Much of the recent surge has been driven by the heavyweight soft drinks firm, Société Frigorifique et Brasserie de Tunis (SFBT), on the back of speculation that it was to obtain the licence to market Heinekenproducts. Others to outperform are Societe Tunisienne d’Enterprises de Telecommunications (Sotetel)and the banking groups Union Bancaire pour le Commerce et l’Industrie and Banque de Tunisie et des Emirats d’Investissement.

Among the losers this year have been national carrier Tunisair– heavily hit by the depressed global air-transport and weak tourism markets in the early months of the year – and the leasing sector, which has been troubled by non-performing loan problems.

Looking forward, the macroeconomic environment is likely to put more upward pressure on share prices. ‘In terms of fundamentals, the Tunisian economy is not doing too badly,’ says one local economist. ‘We are expecting GDP [gross domestic product] growth of 5.5-6 per cent next year.

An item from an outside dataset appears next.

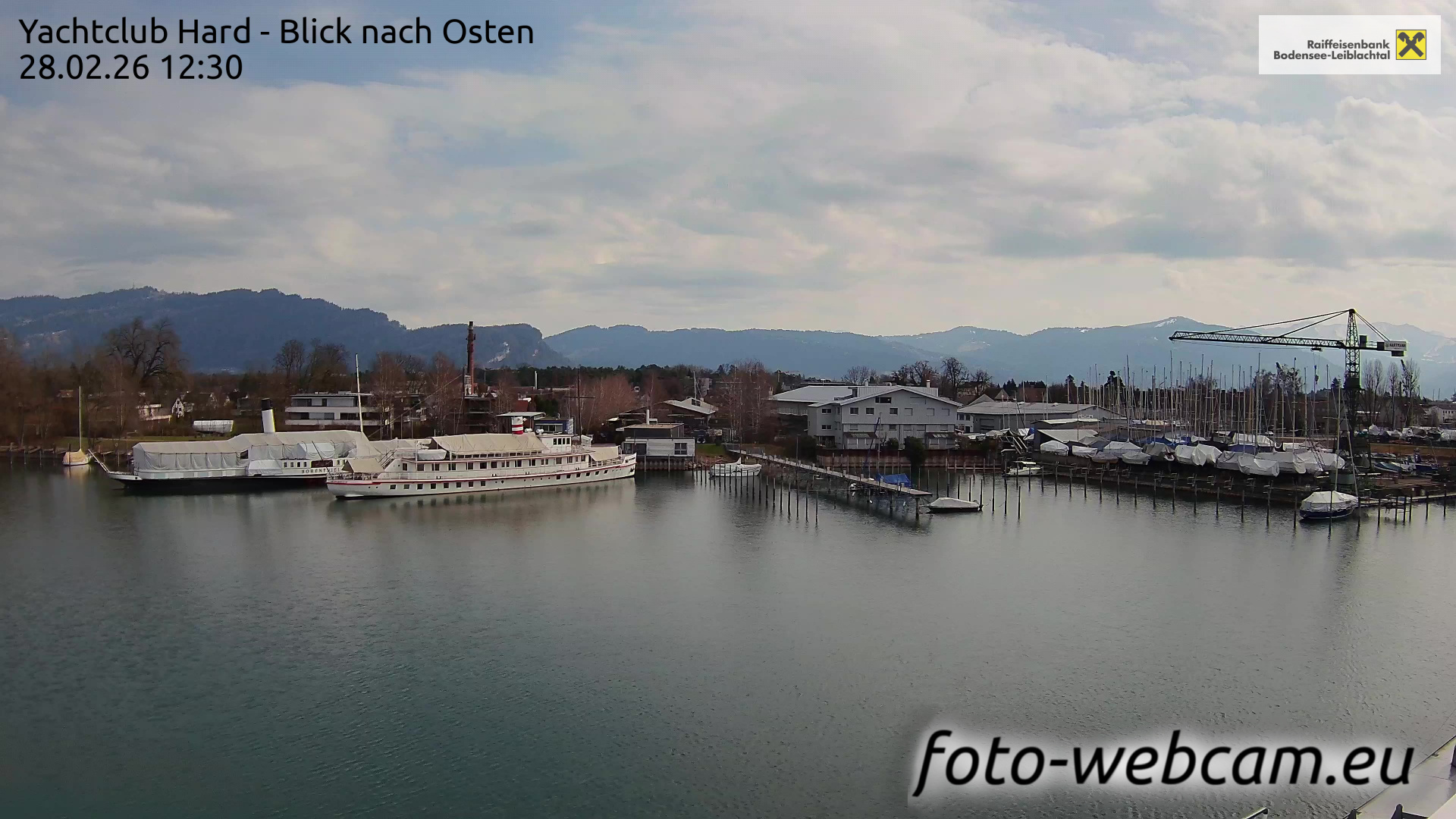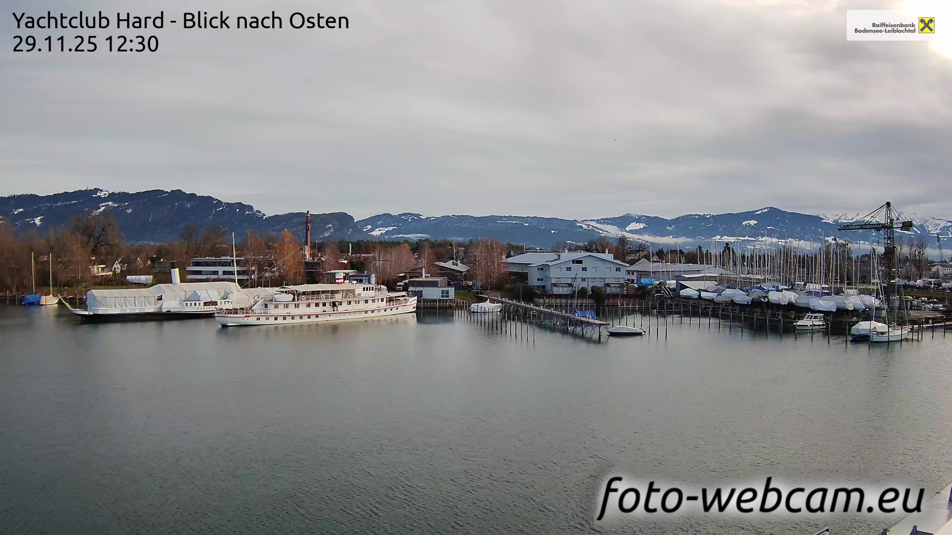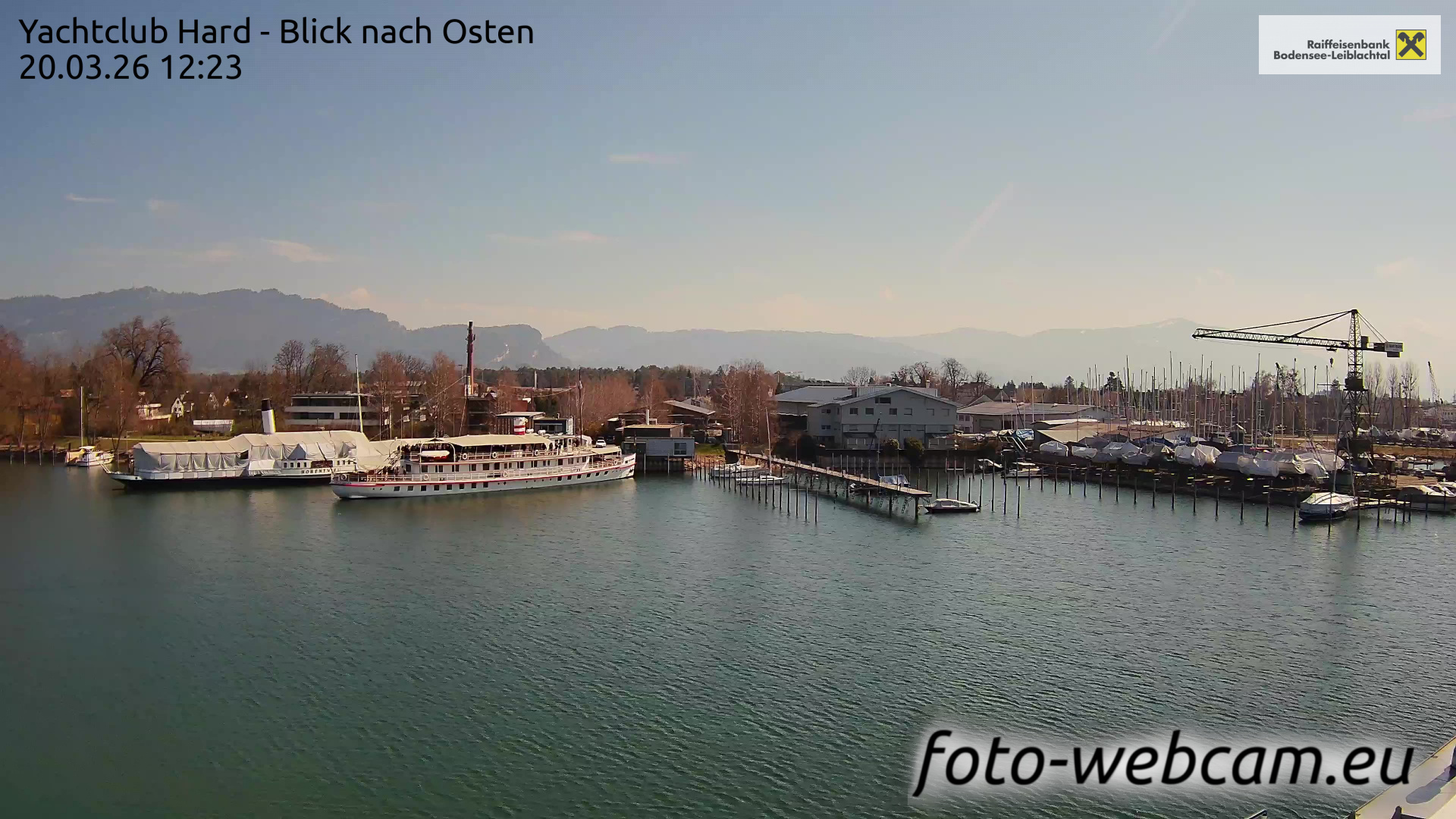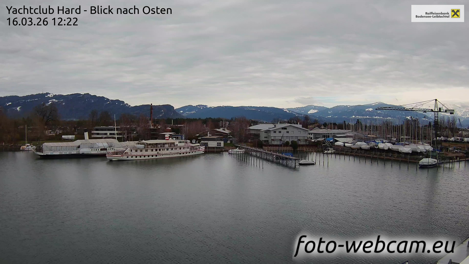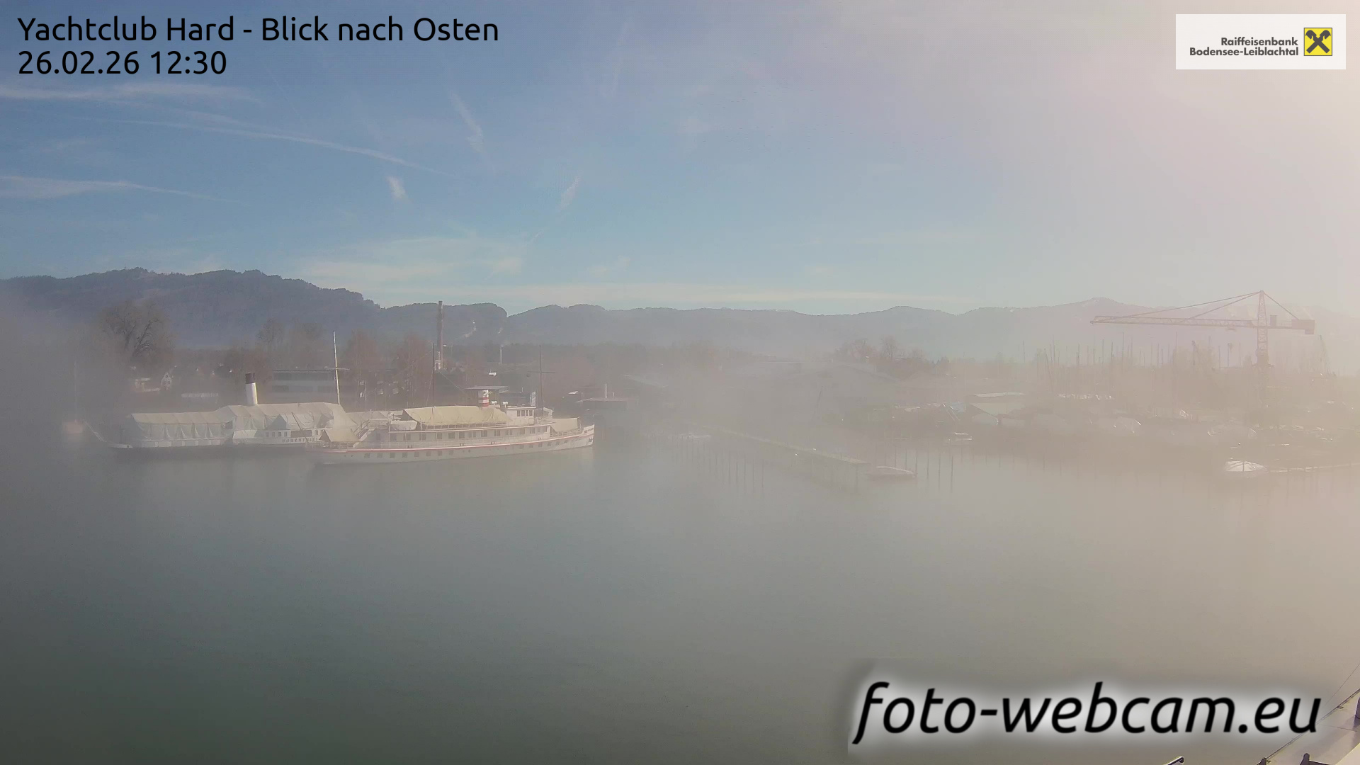 Bregenz, Österreich - 7.5 km von Andreute: Panocam Pfänderbahn - Die Livecam befindet sich auf dem Dach der Pfänderbahn-Bergstation. Der einzigartige Rundblick über den gesamten Bodensee und 240 Alpengipfel Österreichs, Deutschlands und der Schweiz macht den Pfänder bei Bregenz, Österreich, zum berühmtesten Aussichtspunkt der Region.

Most companies will see improvement in bottom-line figures. A combination of a good harvest and good news concerning tourism is a signal to investors that the cycle is reversing and anticipation for 2004 is good. Any stock market increase of less than 25 per cent will be disappointing.’

Improving liquidity could further fuel a surge. ‘Foreign investors have been coming back which will certainly boost trade levels,’ says the economist. Domestic and international investors alike will be attracted to a new round of privatisation, if the schedule drawn up is adhered to. Highlights on the horizon include the part privatisation of Banque du Sud, Societe Tuniso-Algerienne de Ciment Blancand Tunisie Telecom.

Analysts pick out Sotetel and SFBT – strong performers this year – and Monoprix as stocks to watch in 2004.

Not everyone shares the optimistic view, however. ‘Tunisia is a very special market,’ says a local broker. ‘It’s composed of small investors and they treat it like a casino. They are only interested in short-term gains. We don’t have a financial tradition in Tunisia.’ The lack of a broader investor base – and comparatively thin trading conditions – will be a hindrance to the development of the market, even as the government adds some breadth with its privatisation programme.